Did Social Media Kill the Pop Song?

Not everyone buys it. Despite the study’s findings, “I don’t think hip-hop lyrics are angrier,” says Dame Aubrey, head of A&R at CMG Records and Management, a music label that represents rappers Moneybagg Yo, BlocBoy JB and GloRilla. If anything, Aubrey says, the changes we’re hearing are a product of that How Music has expanded. It’s simple, says Aubrey: more people, more perspectives. Due to available technology, the medium is now more accessible. “There are just a lot more artists that have the opportunity to be heard because it has basically become a trend to make music.”

An important change in all of this is how a song becomes popular and what creates its popularity.

In the age of social media, this can often lead to more of the same species of noise, although this is not always the case. So when Lamar throws punches at Drake, calling him one of the “goofies with a check” and then saying, “Before all your dogs get buried / That’s a K with all these nines, he’ll see the pet cemetery” – the verse wins on

Rap has always gotten a bad rap. Ego, anger, swagger – these emotions are part of the genre’s raw identity. Since hip-hop’s inception 50 years ago, artists have used these feelings to illustrate their reality. Rap is sport. It’s theater. It’s exactly the kind of music that encourages the style of intense engagement that’s becoming increasingly common among online fans.

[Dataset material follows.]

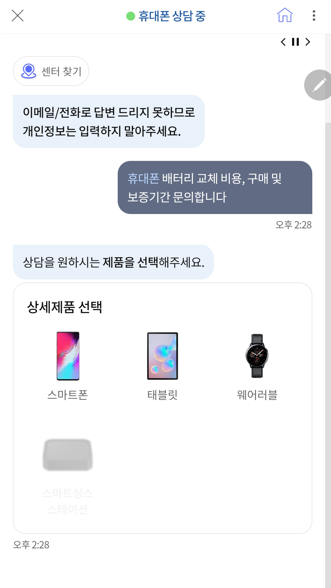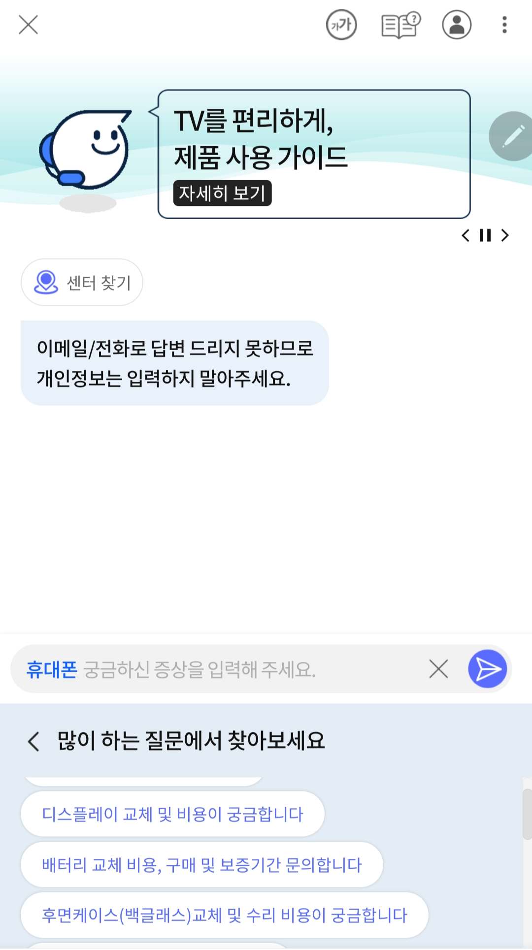 삼성전자서비스챗봇이 여러가지 궁금한 내용을 손쉽게 알려주거든요.

Are less positive lyrics actually on the rise, or does the popularity of a certain type of song simply reflect what the algorithm thinks we want to hear?

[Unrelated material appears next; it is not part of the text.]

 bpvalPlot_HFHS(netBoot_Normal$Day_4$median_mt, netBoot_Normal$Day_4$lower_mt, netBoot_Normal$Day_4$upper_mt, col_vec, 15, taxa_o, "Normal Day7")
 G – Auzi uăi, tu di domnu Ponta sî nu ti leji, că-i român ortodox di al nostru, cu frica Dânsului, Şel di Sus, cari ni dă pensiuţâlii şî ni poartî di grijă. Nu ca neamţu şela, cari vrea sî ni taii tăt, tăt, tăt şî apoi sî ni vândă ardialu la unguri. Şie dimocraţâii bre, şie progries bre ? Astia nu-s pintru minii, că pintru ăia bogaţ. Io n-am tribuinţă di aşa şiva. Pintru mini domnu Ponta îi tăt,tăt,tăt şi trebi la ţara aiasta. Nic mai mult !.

Streaming has changed the music industry in every way. Composing hits is somehow easier, but just as difficult. The winds of virality can still be unpredictable. While it’s not an exact science, it’s obvious how streaming playlists help bring a song to a large audience in a way that wouldn’t be possible with analog media.

“While there are certainly trends in organic popularity, what sets playlists apart is the importance and importance of context,” says JJ Italiano, head of global music curation and discovery at Spotify. “Even the most popular songs can vary greatly in performance depending on the playlist they are in and the other songs in that playlist.”

Dasha’s current viral hit “Austin” had around 10,000 streams when Spotify editors began programming it for their playlists, says Italiano, and it performed best when paired with similar, themed pop songs that ranged between Moving between country and pop and arranged between summery, guitar-heavy sequences are melodies (like Noah Kahan), narrative country songs (like Zach Bryan) or similar heartbreaking tracks from another genre (like Mitski). “Eventually the song became so popular on Spotify that it made it into our most popular playlist, Today’s Top Hits,” he says. But over time, Italiano notes, order becomes less important to a song’s lifespan as listeners develop a “deep familiarity” with the song.

Artists then make music in line with current trends and try to achieve the same reach as songs like “Austin” or “Like That”. In recent years, everything from war to heartbreak has influenced the music of the moment. That’s still true, but now TikTok, X and other platforms dominate the discussion as much as anything else. “Social media definitely plays a role in songwriting, just as community, movies and television once played a role,” Aubrey says of rap. Depending on the mood of the exchange among users, which varies from lukewarm to outraged depending on the artist, certain songs dominate the conversation. Taylor Swift’s most popular online titles are often ones that talk about contempt.

Even an artist like Milwaukee rapper Khal!l, who told WIRED in August that he wanted to “create an atmosphere where we can mosh pit but then also cry and hold hands and do shit,” is beholden to the algorithm. He rose to fame through TikTok, and the best way to maintain his presence on the app is to feed it with content that resonates: “We gotta ride this horse until the hooves fall off.”